Inquiry chair Baroness Heather Hallett said “significant failures” in pandemic planning by national and devolved governments since 2011 meant officials focused too much on flu and failed to learn from other countries.

Hallett found in the first report published on Thursday that this “groupthink” strategy was no longer effective when Covid hit in late 2019, saying the strategy was “outdated” and “almost abandoned at the first contact” with the virus.

“The UK got pandemic planning wrong,” she added in the 240-page report, which criticised former Conservative health secretary Matt Hancock and Jeremy Hunt for inadequate preparation.

“The processes, plans and policies… in the UK government and civil service and administration have failed to meet the needs of the people,” she said, describing emergency planning structures as “labyrinthine in their complexity”.

Calling for “radical reform”, Hallett also pointed to the impact of what ministers called a “re-prioritisation” of resources in the years before the pandemic.

At the time, civil servants put aside planning for potential public health crises to focus on contingency measures for a no-deal Brexit.

his recovery and preparation system “Continuous pressure” in the years before the pandemic, when officials were forced to stop “working on one potential emergency to focus on another,” the report said.

The official Covid inquiry is examining the government’s response to the virus which has shut down swathes of the economy, upended social life and so far killed around 230,000 people in the UK and infected millions more.

The programme is expected to run until summer 2026 and the first of nine modules will focus on the UK’s pandemic preparedness and the resilience of its institutions and public health at the end of 2019.

Hallett dismissed claims by British officials that evidence showed the country was the best prepared in the world to deal with the pandemic before Covid struck.

“The UK was woefully unprepared to deal with a catastrophic emergency, let alone a coronavirus pandemic,” she said, adding that the government had made a “fundamental mistake” by failing to learn from other countries’ experiences with coronavirus in previous years.

Evidence is that current and former ministers and senior officials have painted a grim picture about then-Prime Minister Boris Johnson’s ability to make life-or-death decisions for the nation during the pandemic.

The UK entered its first lockdown on 23 March 2020, more than a week after Johnson’s senior advisers recommended the move.

Thursday’s report found that ministers in Johnson’s government had failed to
receive enough scientific advice and do not dispute the advice they receive.

The report concluded that if the UK had been better prepared, “some of the significant and long-term financial, economic and human costs of the pandemic” could have been avoided.

Hunt and Hancock, who were in office when the pandemic hit, have come under heavy criticism, with Hallett blaming all health ministers for relying on a flawed strategy developed in 2011 to respond to the flu pandemic.

She noted that during a year under Hancock’s watch, from 2018 to 2019, the main body responsible for pandemic preparedness stopped meeting.

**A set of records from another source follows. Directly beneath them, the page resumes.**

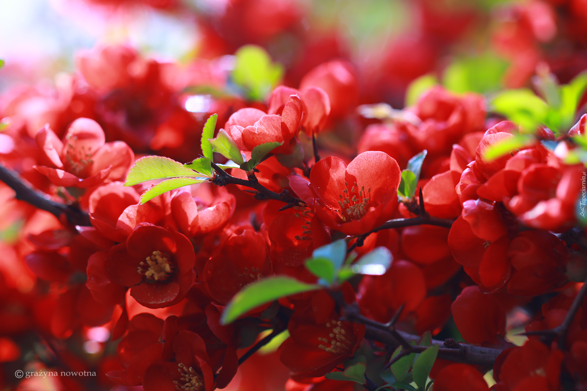 Edytor tapety: Czerwone kwiaty pigwowca okazałego
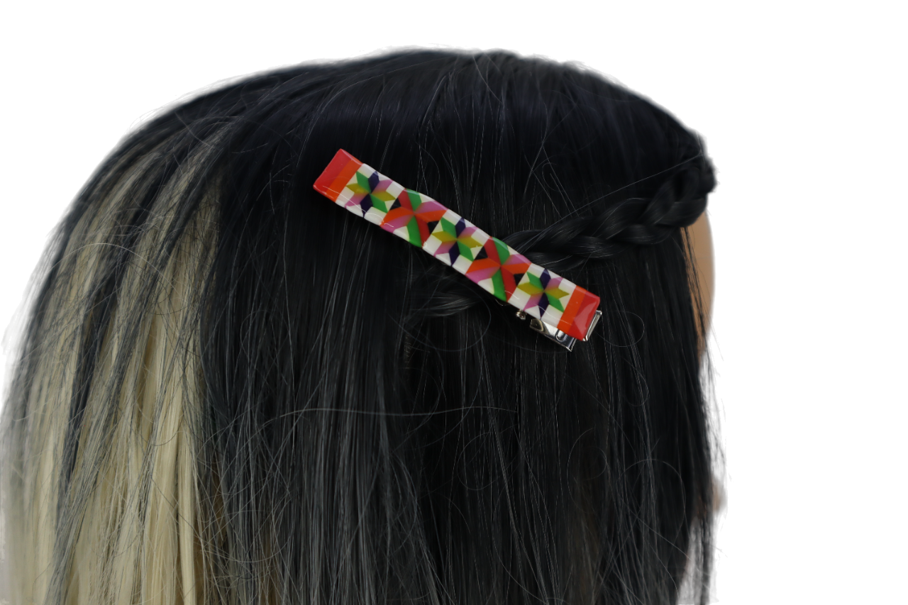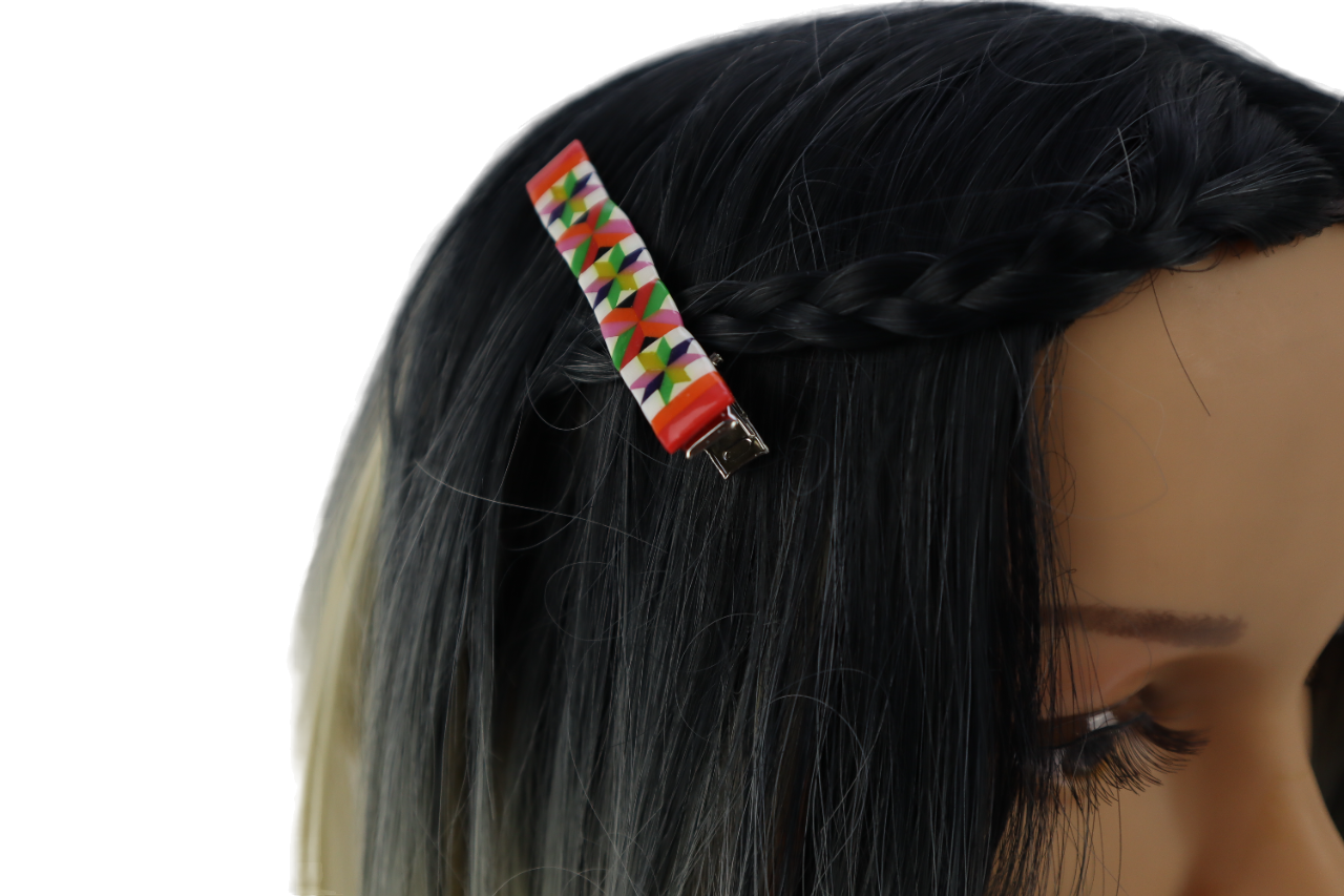 UNSUR CORAK LINANGKIT HASIL TANGAN YANG DICANTUM SECARA HALUS DAN TELITI DAN DIPASANG KE ATAS KLIP RAMBUT UNTUK DIPAKAI SEBAGAI KLIP RAMBUT ATAU KLIP TALI LEHER
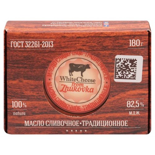 Масло сливочное WhiteCheese from Zhukovka Традиционное 82,5%, 180 г (kastd) в магазинах Ашан
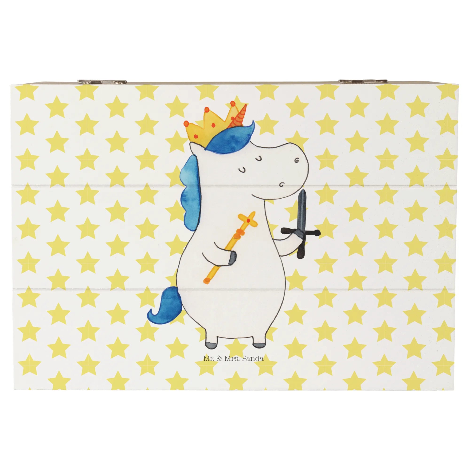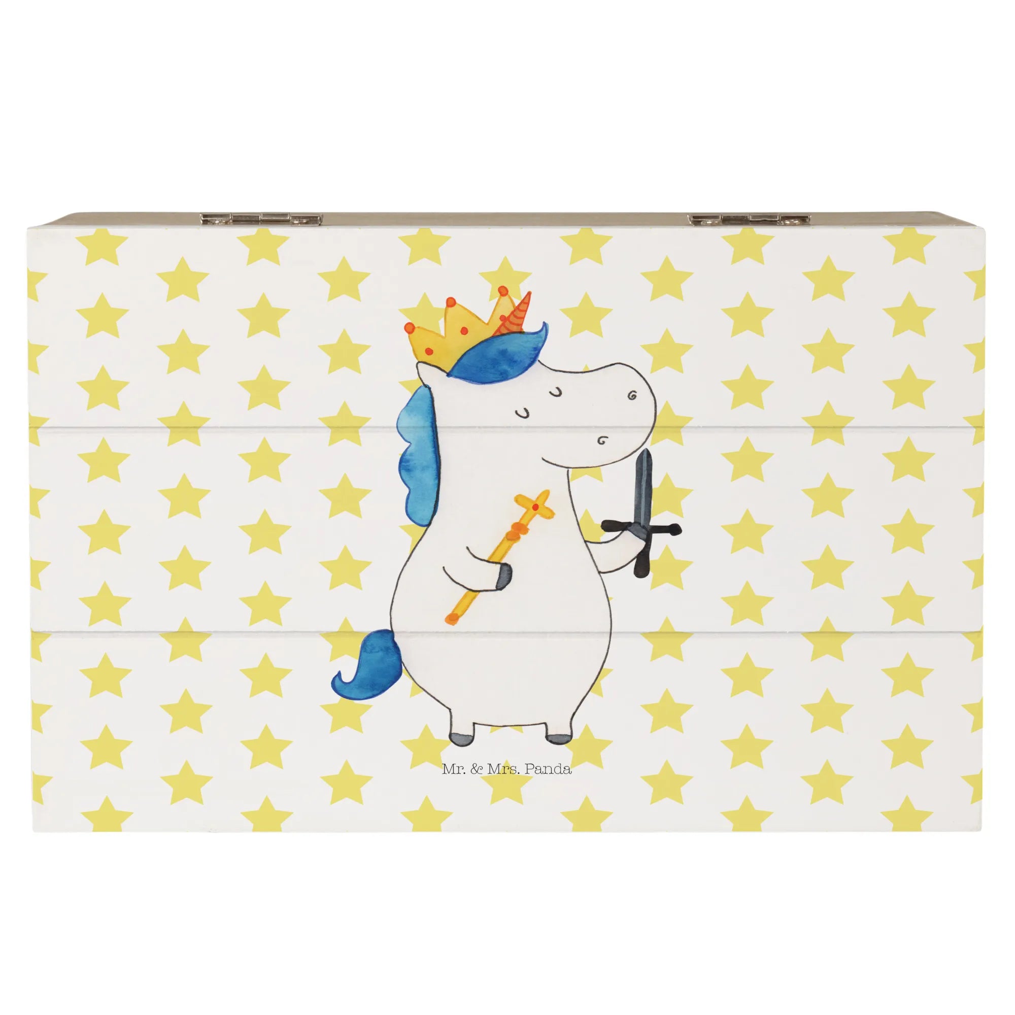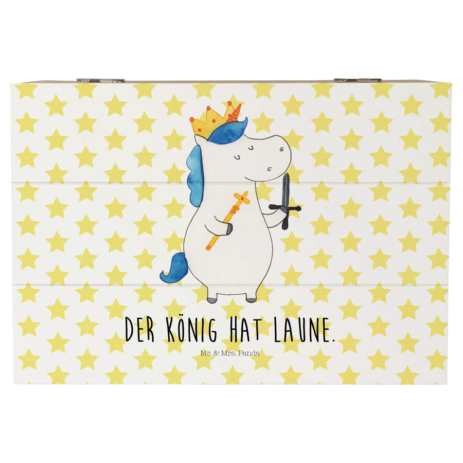 Die wunderschöne Holzkiste mit dem bezaubernden Design "Einhorn König mit Schwert" von Mr. & Mrs. Panda ist das perfekte Geschenk für alle Einhornliebhaber und kleine Ritter!
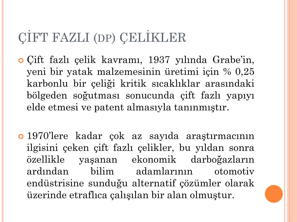 ÇİFT FAZLI (dp) ÇELİKLER • Çift fazlı çelik kavramı, 1937 yılında Grabe’in, yeni bir yatak malzemesinin üretimi için % 0,25 karbonlu bir çeliği kritik sıcaklıklar arasındaki bölgeden soğutması sonucunda çift fazlı yapıyı elde etmesi ve patent almasıyla tanınmıştır. • 1970’lere kadar çok az sayıda araştırmacının ilgisini çeken çift fazlı çelikler, bu yıldan sonra özellikle yaşanan ekonomik darboğazların ardından bilim adamlarının otomotiv endüstrisine sunduğu alternatif çözümler olarak üzerinde etraflıca çalışılan bir alan olmuştur.
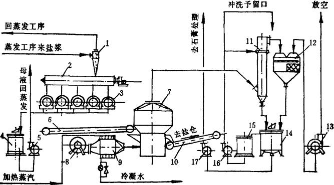 释义 | 食盐的干燥 进入干燥器的食盐、水分越低越好,一般要求含水量不大于3%。 国内中等以上规模盐厂,多采用直接方式干燥,即用热源(蒸汽或烟气)加热空气,热空气直接与湿盐接触传热,使食盐中水分蒸发,达到干燥的目的;也有使用可燃气体(如天然气)燃烧后进入干燥器。用“燃气”直接接触食盐,进行干燥。此外,小盐厂还使用传统的自然干燥和炕锅干燥。 (一)湿空气的I-x图(图3-4-78) 在干燥过程中,湿空气的变化主要反映在热焓量I和湿含量x两个参数上。I-x图是以湿空气中含有1kg干空气为基准,它绘制在两轴间夹角为135°的斜角坐标系上。纵坐标为含有1kg干空气的湿空气的热焓量(kca1),即1kca1/kg干空气;横坐标为含有1kg干空气的湿空气的湿含量(kg),即xkg/kg干空气。湿空气的其他参数如温度t,相对温度Φ和水蒸汽分压力P水蒸汽等也示于同一坐标系上。此图是在大气压力101·32kPa下绘制的,用于湿盐干燥过程的湿空气的总压力都接近于此值,应用此图计算可以满足工程计算上要求的精确度。 Ⅰ-x图上共有5种线 (1)等湿含量线(简称等x线) 湿含量的刻度本应标在与纵轴呈135°倾角的横坐标上,但为了绘制和使用方便,特将湿含量的刻度投影到辅助的水平轴上,就成了辅助x轴。凡垂直于辅助x轴或平行于纵轴的直线都是等湿含量线(x=常数),即是说在线上空气所有状态点的湿含量都相等。 (2)等热焓量线(简称等Ⅰ线) 凡平行于横轴(不是辅助x轴)所引的直线即为等热焓量线(Ⅰ=常数)。每条线上空气所有状态点的热焓量均相等。 (3)等温线(简称等t线)即t=常数的直线。在图上由于设有温度坐标,故不能象等x线、等I线那样很方便地绘出,只能借助于x线与I线来绘。根据热焓量方程I=(0.24+0.46x)t+595x,经整理后变成I=0.24t+(595+0.46t)x。从方程式可看出,当温度t不变时(t=常数),I与x成直线关系。设一个x值,可求出相应的Ⅰ值,如此可得出许多由不同的x与I所构成的交点,连接这些交点的直线就是等温线。作出一条等温线后,然后再假定一个温度,按同样方法可作出第二条等温线。各种不同温度的等温线与辅助x轴成倾斜。其倾斜率为(595+0.46t),故温度越高,其斜率也愈大,因此等温线并不互相平行。 (4)等相对湿度线(简称等Φ线) 此线的作法与等温线的作法类似。 根据湿含量方程: 在该方程中因Φ为已知的常数,例如当Φ=1时,假定一个温度t,查饱和水蒸汽表可得到P′水蒸汽,按上式求出x,由t值和x值可在I-x图上确定一点,该点在Φ=1的相对温度线上,在I-x图上把由不同的t值和x值(当Φ=1时)所确定的点联结起来,则得到Φ=1的相对湿度曲线。其他等Φ线依此类推。 Φ=1的曲线表示在某一定温度下空气完全被水蒸汽所饱和。在此饱和线以上,为不饱和的湿空气区域,在此饱和线以下则为水蒸汽部分地自空气中冷凝析出的区域。 (5)水蒸汽分压线 水蒸汽分压值绘于I-x图之右纵坐标上,其单位为mmHg。水蒸汽分压与湿含量和总压强的关系式如下: 水蒸汽分压线即根据上述方程式绘出。设一个x值,相应求出一个P′水蒸汽。连续假设就可得到许多不同的x值与P′水蒸汽值所构成的交点,连接这些交点得到一条通过坐标原点的曲线,即水蒸汽分压线。 由公式可看出,当总压强P不变时,空气中水蒸汽分压强P′水蒸汽仅取决于x,即对于同一的湿含量x而言,蒸汽的分压为一常数,与空气的温度及相对湿度无关。图中,水蒸汽的分压由等x线与分压曲线的交点求得。 (二)Ⅰ-x图的用法 I-x图上的任何一点,都可以用来确定湿空气的性质,如温度、湿含量、相对湿度、热焓量及蒸汽分压等。 只要知道空气的任意两个参数,在图上把交点找出后,其余参数均可以从图查出。 下面试举几种情况,说明I-x图的用法。 (1)已知干、湿球温度,求空气的湿含量 湿球温度tm(这里可视做绝热饱和温度)的等温线与Φ=1的等Φ线交于A点,沿过A点的等I线上升与干球温度t的等温线交于A′点(由A′至A的过程可视作绝热饱和过程),A点即为已知空气的状态点。过A′点的等x线与辅助x轴相交于x0点,此交点即为空气的湿含量,见图3-4-83。 图3-4-83 I-x图用法之一 (2)已知干球温度、露点,求空气的湿含量及热焓量 取其温度为t露的等温线与Φ=1的等Φ线交于B点(即该空气冷却到露点温度时的状态点),沿B点的等x线垂直向上与干球温度t的等温线交于B′点,则B′点即为所求的空气状态点。过B′点的等x线与辅助x轴的交点即为空气的湿含量;过B′点的等I线与轴的交点即为空气的热焓量(见图3-4-84)。 图3-4-84 I-x图用法之二 (3)已知空气的干球温度和湿含量,求其湿球温度及露点 干球温度为t的等温线和湿含量为x0的等x线的交点C即为空气的状态点。由C点沿等x线与Φ=1的等Φ线相交于C′点,过C′点的等温线所示的温度即为露点t露;过C点的等Ⅰ线与Φ=1的等Φ线交于C″点,过C″点的等温线所示的温度即为该空气的湿球温度tm见图3-4-85。 图3-4-85 I-x图用法之三 (4)已知空气的干球温度和相对湿度,求空气的蒸汽分压和饱和蒸汽分压。过干燥温度为t的等温线和相对湿度为Φ的等Φ线相交于A点,A点即为所求空气的状态点。通过A点的等x线与蒸汽分压线相交,然后再沿此交点作水平线,与右端的纵坐标相交,交点即是空气的蒸汽分压P水蒸汽。通过A点的等温线与Φ=1的等Φ线相交于B点,由交点B沿着等x线与蒸汽分压线相交。然后再沿此交点做水平线与右端纵坐标相交,交点即为空气的饱和蒸汽分

During that same period, Hancock did not attend meetings of the National Security Council subcommittee responsible for pandemic response planning.

Hunt and Hancock have been contacted for comment.

Hallett called for “radical reform” of the preparedness plan, warning that “it is not a question of ‘if’ there will be another pandemic, but ‘when’” and that “a disease must never again be allowed to cause so much death and suffering”.

Of the 10 recommendations, Hallett said the government should establish an independent statutory body responsible for “whole system preparedness and response” across the UK. She added that she expected “all my recommendations to be implemented”.